Overview
mlabonne/OrpoLlama-3-8B is an 8 billion parameter language model, fine-tuned by mlabonne from the base meta-llama/Meta-Llama-3-8B model. The fine-tuning process utilized the ORPO (Optimized Reward Policy Optimization) method on the mlabonne/orpo-dpo-mix-40k dataset, as detailed in this article.
Key Capabilities and Features
- Architecture: Based on the Llama 3 family, providing a strong foundation for general language understanding and generation.

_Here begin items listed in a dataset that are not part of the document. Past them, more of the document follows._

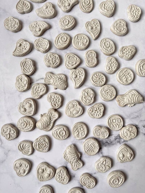 - Couleurs et Finitions : ces worry stone sont modelées telles de petits bonbons Vietnamiens que l'on mange au Têt (Jour de l'an chinois) et emballés dans des pettes poches en jutes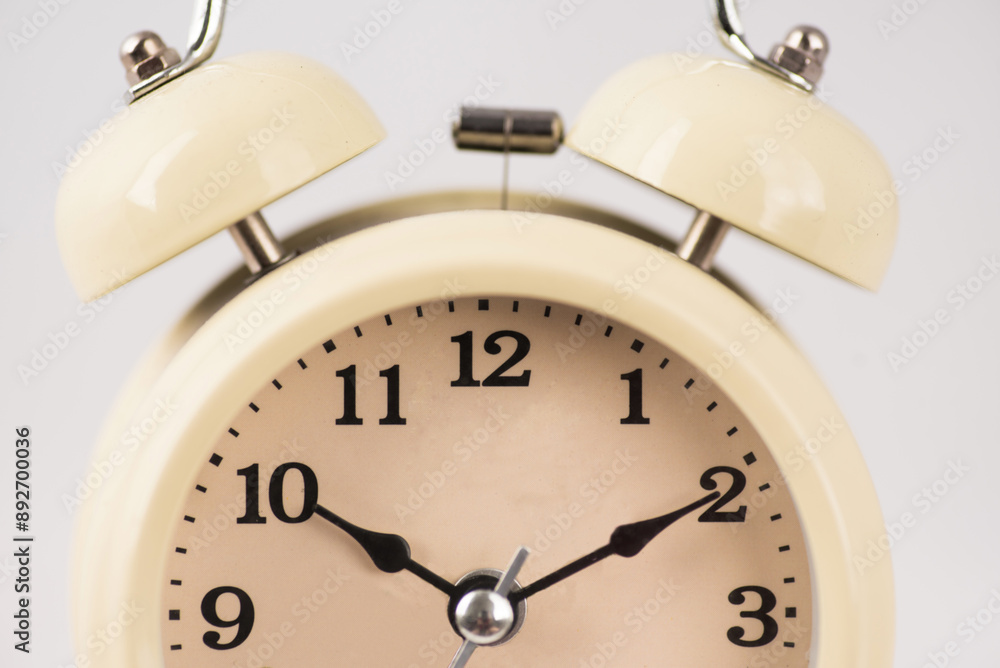 A large analog alarm clock on a white background. The idea of deadlines and hard work. Waking up at 10 a.m. A place for the text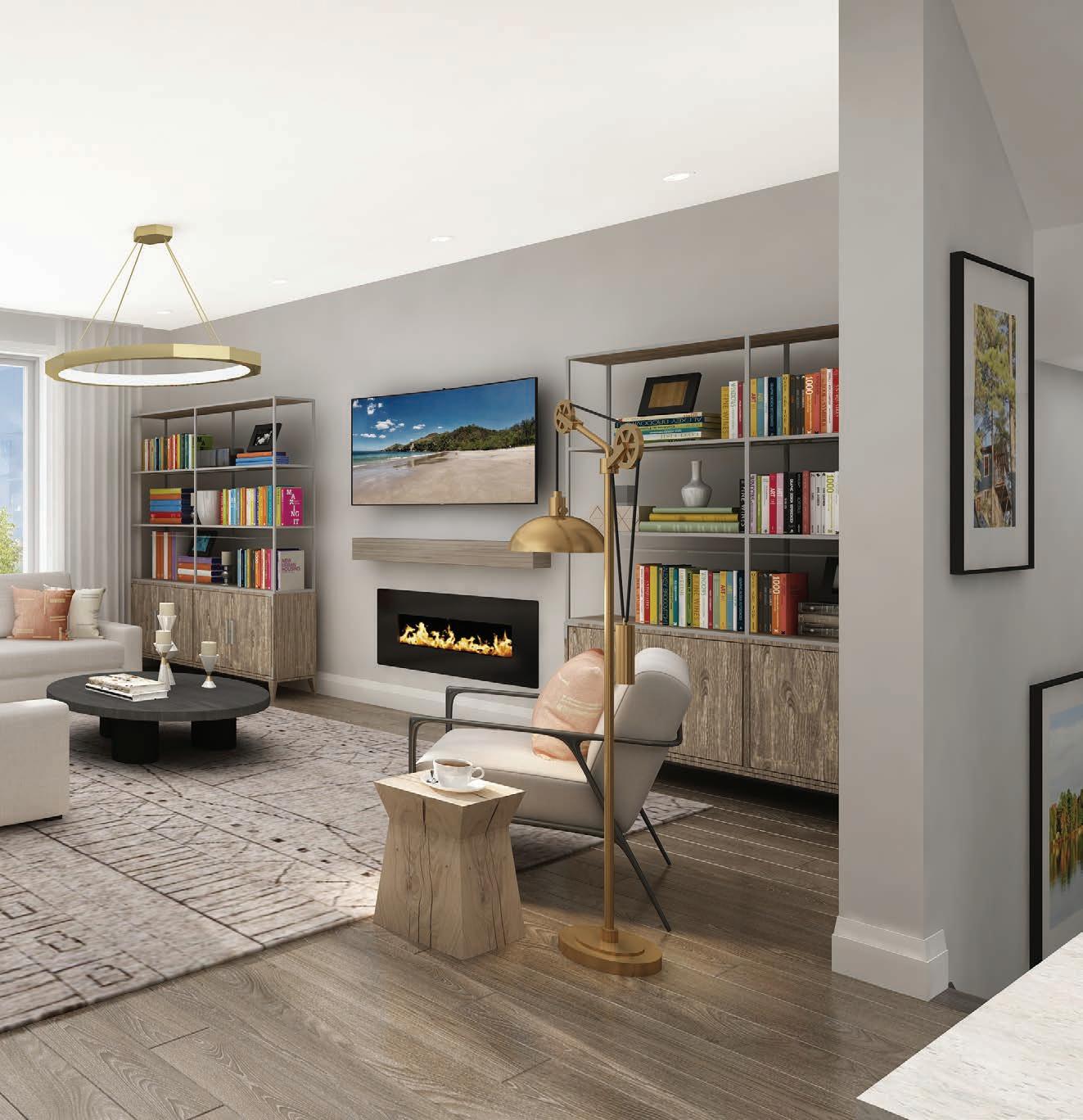 Soaring 9’ ceilings and large picture windows make this space bright and airy. Connect in the mornings around the breakfast bar, invite friends over for dinner and cozy up in front of the fireplace in the evening. From quality flooring to high ceilings, this open, connective space is the heart of the home.

- Context Window: Supports an 8k token context window, allowing for processing longer inputs and generating more coherent, extended responses.
- ChatML Template: Trained to follow the ChatML template, ensuring compatibility and optimal performance with chat-based applications.
- Quantized Versions: Various quantized versions are available for efficient deployment, including GGUF, AWQ, and EXL2 formats, provided by community contributors like bartowski, solidrust, and LoneStriker.
Performance Highlights
Evaluations using LLM AutoEval indicate that OrpoLlama-3-8B outperforms its base model, Llama-3-8B-Instruct, on specific datasets:
- GPT4All: Achieves 70.59%, surpassing Llama-3-8B-Instruct's 69.86%.
- TruthfulQA: Scores 52.39%, compared to Llama-3-8B-Instruct's 51.65%.
While its overall average score on the Nous benchmark is slightly lower than Llama-3-8B-Instruct, its strengths in specific areas make it a compelling choice for tasks requiring factual accuracy and general knowledge. Training curves and detailed experiment logs are available on W&B.